- **WORK ORDER**
Write again exactly the lines in the listing below, starting at the line with "One way to learn" and ending at the line with "這是9月29日在貴州省黔東南苗族侗族自治州丹寨縣萬達小鎮拍攝的倣古燈籠和圓月。", both included. Pictures are not copied.

- **GIVEN DATA**
== == ==

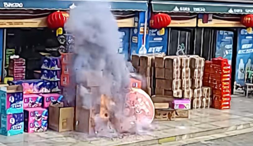 2025年1月,河南省南阳市一男子从楼上扔烟头,引燃楼下烟花爆竹摊,所幸无人员伤亡。
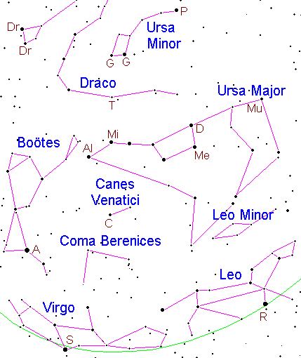 One way to learn constellations is to first learn a few landmarks. The best landmarks vary depending on time of night and the season, in the Northern Hemisphere the following are good choices:
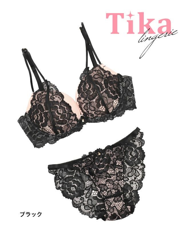 身に纏うだけで小悪魔女子に♪ [勝負下着] スカラップフラワーレースレイヤード脇高フルカップブラジャー&ショーツ2点セット
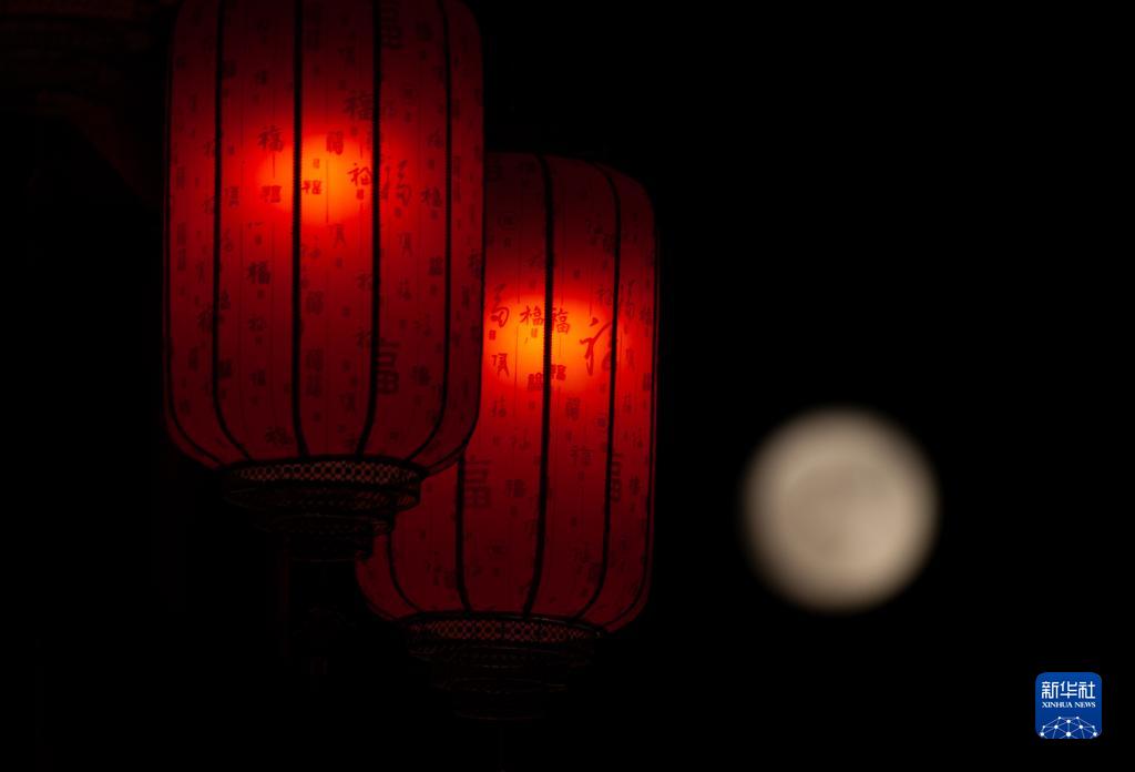 這是9月29日在貴州省黔東南苗族侗族自治州丹寨縣萬達小鎮拍攝的倣古燈籠和圓月。
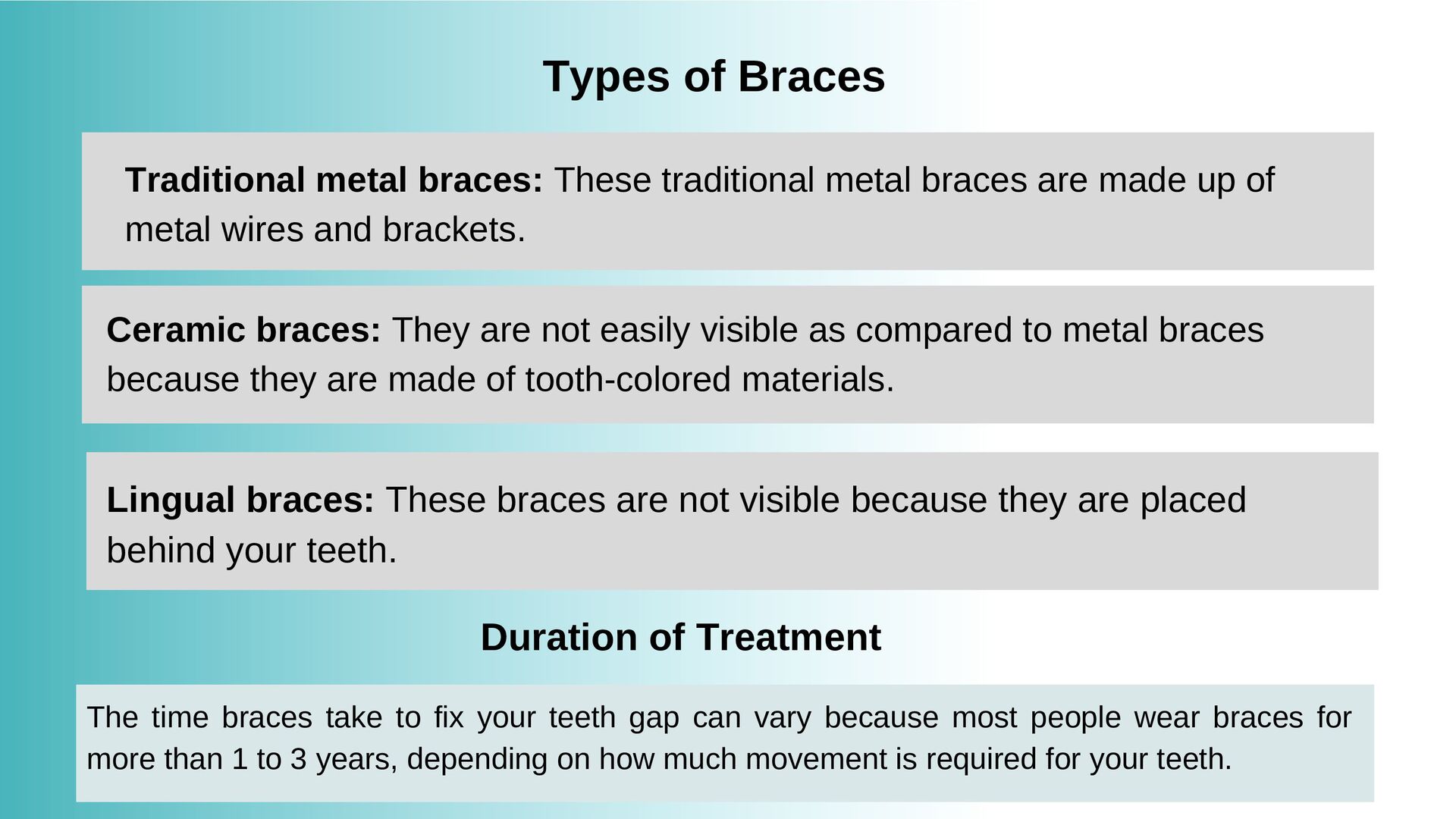audience a better understanding about what you are trying to say. Types of Braces Traditional metal braces: These traditional metal braces are made up of metal wires and brackets. Ceramic braces: They are not easily visible as compared to metal braces because they are made of tooth-colored materials. Lingual braces: These braces are not visible because they are placed behind your teeth. Duration of Treatment The time braces take to fix your teeth gap can vary because most people wear braces for more than 1 to 3 years, depending on how much movement is required for your teeth.

== == ==

- **EXPECTED ANSWER**
 One way to learn constellations is to first learn a few landmarks. The best landmarks vary depending on time of night and the season, in the Northern Hemisphere the following are good choices:
 身に纏うだけで小悪魔女子に♪ [勝負下着] スカラップフラワーレースレイヤード脇高フルカップブラジャー&ショーツ2点セット
 這是9月29日在貴州省黔東南苗族侗族自治州丹寨縣萬達小鎮拍攝的倣古燈籠和圓月。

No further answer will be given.